Last modified: 2018-09-09



An outbreak of infection in pregnant women by Zika virus (ZIKV), was associated with congenital microcephaly.

The objective of this study was to describe preliminary data on epileptic seizures and the probability of non-occurrence of these seizures in the first months of life in children born with congenital ZIKV syndrome.


Concurrent cohort study including newborns and infants with congenital ZIKV.

The outcome analyzed was the clinical diagnosis by neuropediatrics of epileptic crisis through the reports of the mothers and the institution of antiepileptic drugs.

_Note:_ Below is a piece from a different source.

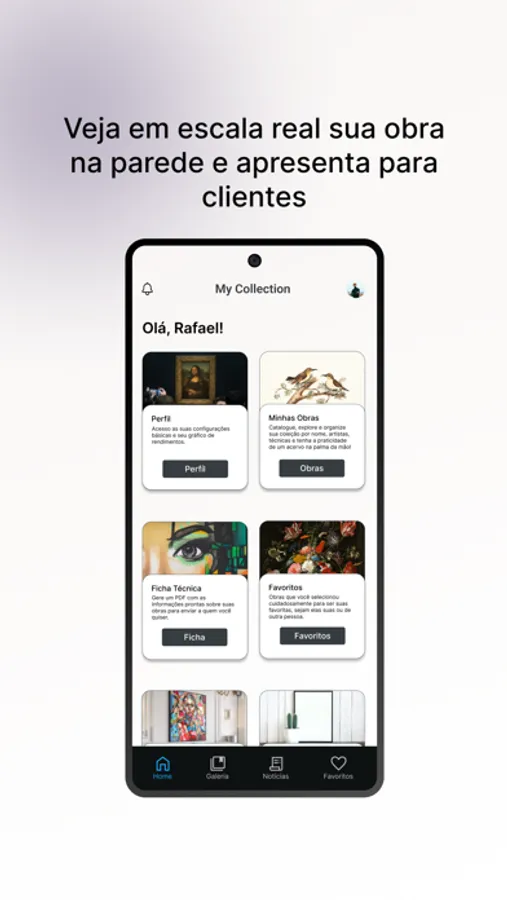 Carregue em seu bolso toda a sua coleção, independente de qual seja, e ganhe a praticidade de apresentar esses trabalhos em qualquer lugar. Com o MyCollection você terá toda essa praticidade, poderá ver sua obra em escala na parede, fazer PDF's de apresentação, separar as obras do jeito que quiser, além de ficar sempre atualizado sobre o que acontece no mundo das artes, como exposições, cursos, vagas e muito mais!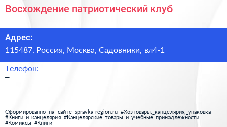 Восхождение, патриотический клуб по адресу 115487, Россия, Москва, Садовники, вл4-1 в дальнейшем Организация, размещена в следующих категориях:

Data from 106 of the 109 infants with a confirmed or probable association of ZIKV infection were analyzed.

Forty children (37.7%) presented epileptic seizures, which was classified in 43.3% of cases as spasm, in 22.7% as generalized tonic seizures, in 20.5% in partial and in 4.5% in other types of crises.

The median number of days until the first report of epileptic seizures was 192 days from the date of birth.


A high frequency of epileptic seizures was observed in children with microcephaly. According to World Health Organization June 2016 report, 1520 patients worldwide were born with microcephaly secondary to congenital ZIKV infection, our study covers 7% of all these children.

Epileptic seizures began in the first half of life, with spasm being the most frequently reported type (43.3%).

In conclusion, it was verified that more than a third of the children with ZIKV congenital syndrome had epileptic seizures (38.7%).